In part one of this miniseries, I introduce you to the concept of Infrastructure as Code (IaC) and explain some of the benefits.
In summary, IaC brings many of the most useful software development work practices to the task of systems administration: knowledge sharing, peer review, and version control, to name a few. It also unlocks a world of possibilities for your Continuous Integration (CI) and Continuous Delivery (CD) pipeline.
As I explain in part one, there are two kinds of IaC tools:
So let’s focus on Hashicorp’s Terraform, a fantastic and versatile tool for orchestration written in Go and used by us at Crate.io for managing our infrastructure.
Using Terraform, infrastructure is defined using templates written in a Domain Specific Language (DSL). You can use a friendly command-line tool to interact with Terraform and to test or apply these templates. Infrastructure is then created and managed using the provider (or providers) of your choice.
Terraform treats infrastructure as a modular collection of immutable components.
When "applying" a new configuration, Terraform will survey the running components and roll back any manual changes that may have been made, bringing your system to a known state before applying the changes you want to make.
This disincentivizes manual changes that can lead to configuration drift, making the overall system more predictable, maintainable, and easier to reproduce.
We love using Terraform to define our infrastructure collaboratively using GitHub and then being able to "apply" it to any environment confident in the knowledge that we are moving from one known state to another.
In this post, I will tell you more about Terraform and provide examples from our own setup at Crate.io.
Terraform allows you to deploy connected infrastructure components across a wide range of different providers.
A provider can be anything in the realm of Infrastructure as a Service (IaaS), Platform as a Service (PaaS), or Software as a Service (SaaS).
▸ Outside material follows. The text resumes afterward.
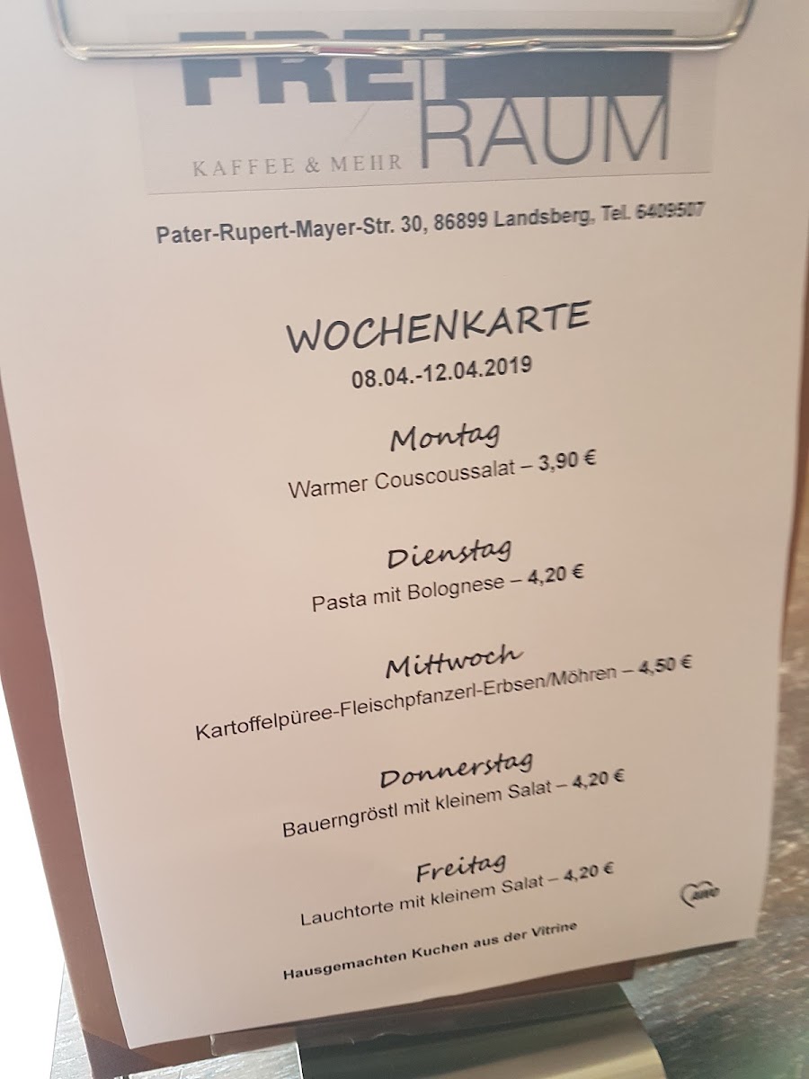 Café Freiraum sits quietly on Pater-Rupert-Mayer-Straße in Landsberg am Lech, offering a straightforward, community-focused spot for coffee and casual bites. This café leans into a no-frills atmosphere, with a modest interior that echoes a more traditional, slightly old-fashioned style, making it feel familiar rather than polished or trendy.

This includes Microsoft Azure, Google Cloud, Amazon Web Services, GitHub, and much, much more.
Using configuration files called templates, you can write code which leverages the tools and resources that are specific to a particular provider.
Terraform is able to do this using provider plugins that are written specifically for each provider’s Application Programming Interface (API).
Plugins are responsible for taking Terraform actions and translating these into API calls that create, read, update, or delete the provider resources (aka CRUD).
Here's an example template file:
provider "aws" {
region = "us-east-1"
version = "~> 1.2"
}
resource "aws_s3_bucket" "my_bucket" {
bucket = "my-bucket-us-east-1"
region = "us-east-1"
acl = "private"
}
Here, we identify and configure AWS as a provider, and then specify an AWS S3 bucket resource. (A bucket is sort of an AWS-specific data storage silo.)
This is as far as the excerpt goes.